Brute noise - YouTube
Heres you a video of it


----------



## NMKawierider (Apr 11, 2009)

Sounds like hell....but, pull the primary off and start it. If it's gone, it's shoes.


----------



## camshaft (May 26, 2014)

Finally got around to pulling the clutch off today. Definitely no change in noise.
Brute noise w/o clutch - YouTube


----------



## NMKawierider (Apr 11, 2009)

I'm thinking a tensioner bar has worn through to the metal somewhere. Time to re-chain it.


----------



## camshaft (May 26, 2014)

Kinda what I was thinking.. Real common on the OHC ford motors too. Time to start tearing down :sad2:


----------



## dman66 (Feb 20, 2011)

Wow, that's horrible noise .


----------



## camshaft (May 26, 2014)

I've heard brutes with knocking rod bearings. Just sounds totally different, much deeper noise if that makes sense. I really hope it is chains. I'll find out soon. Got most of it torn down. Just gotta pull the side cover now..


----------



## camshaft (May 26, 2014)

I would say that's an issue...
Brute chains - YouTube


----------



## gater (Jun 9, 2015)

same thing mine did when i got in to it at least its an easy fix


----------



## NMKawierider (Apr 11, 2009)

Wow...well, it goes to prove.. tensioners can only go so far.. that's the one thing I dislike about these...too many chains..


----------



## camshaft (May 26, 2014)

Got all the chains and such ordered for it. Now to throw chains in it and ride, Or tear down farther and do HC pistons and possibly a cam.. I mean I am already this far.. Don't really wanna mess with jetting it again. Would the gains even be worth it?


----------



## CTBruterider (Jul 23, 2010)

camshaft said:


> Got all the chains and such ordered for it. Now to throw chains in it and ride, Or tear down farther and do HC pistons and possibly a cam.. I mean I am already this far.. Don't really wanna mess with jetting it again. Would the gains even be worth it?

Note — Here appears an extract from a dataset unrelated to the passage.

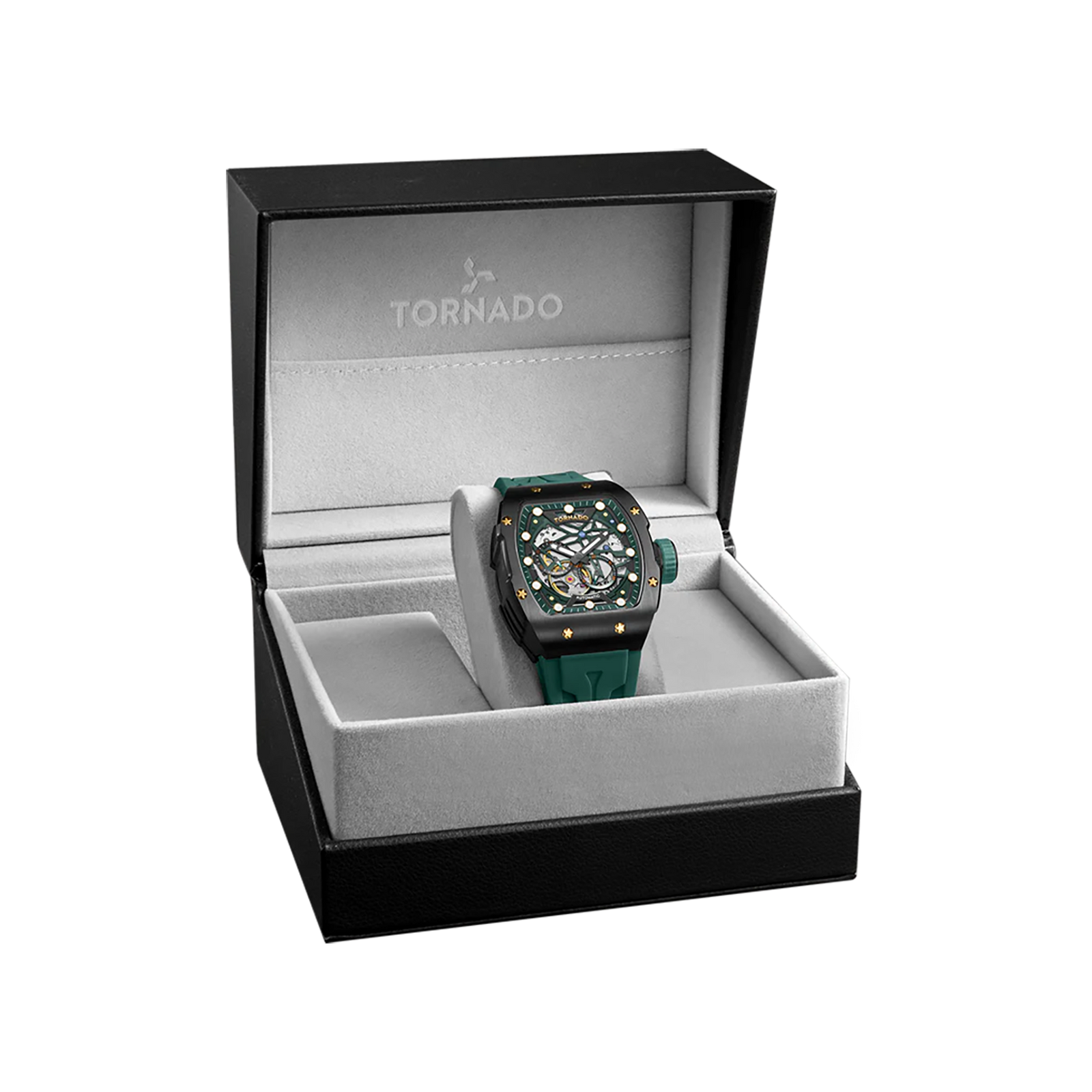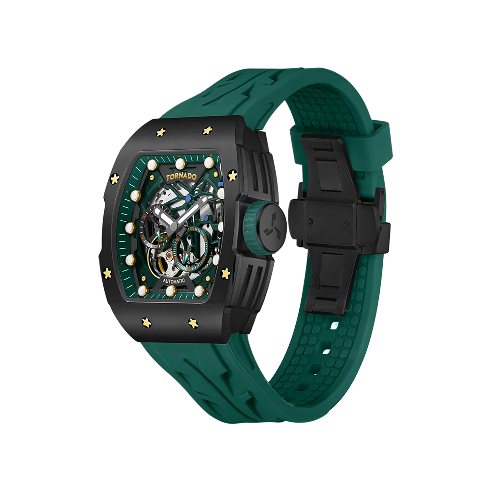 Statement mechanics with rich color. A black brushed stainless steel case with gold hardware surrounds an open-worked dial; the Miyota 82S7 Japanese automatic is visible through a sapphire-coated crystal. Luminous markers glow cleanly; a butterfly clasp and deep-green silicone strap complete the luxury-sport build. Ideal with black, gray, white and olive fits, this men?s automatic brings eye-catching depth without sacrificing comfort. 10 ATM water resistance and a 3-year warranty make it a striking daily automatic.

The gains are Definitely worth it, especially if you've already got it torn down. A standard bore added almost 20 rwhp to my modded Pre motor-worked bike. It's like a different machine.


----------



## camshaft (May 26, 2014)

I may end up doing that then. Would I be shooting myself in the foot if I did HC pistons without a cam? As in would I see much more gains just doing pistons without cams?


----------



## CTBruterider (Jul 23, 2010)

camshaft said:


> I may end up doing that then. Would I be shooting myself in the foot if I did HC pistons without a cam? As in would I see much more gains just doing pistons without cams?


From what I understand, you will see some gains from just HC pistons, but it's the cams that really make the power. HC pistons with good cams and HD valve springs really wake these bikes up.


----------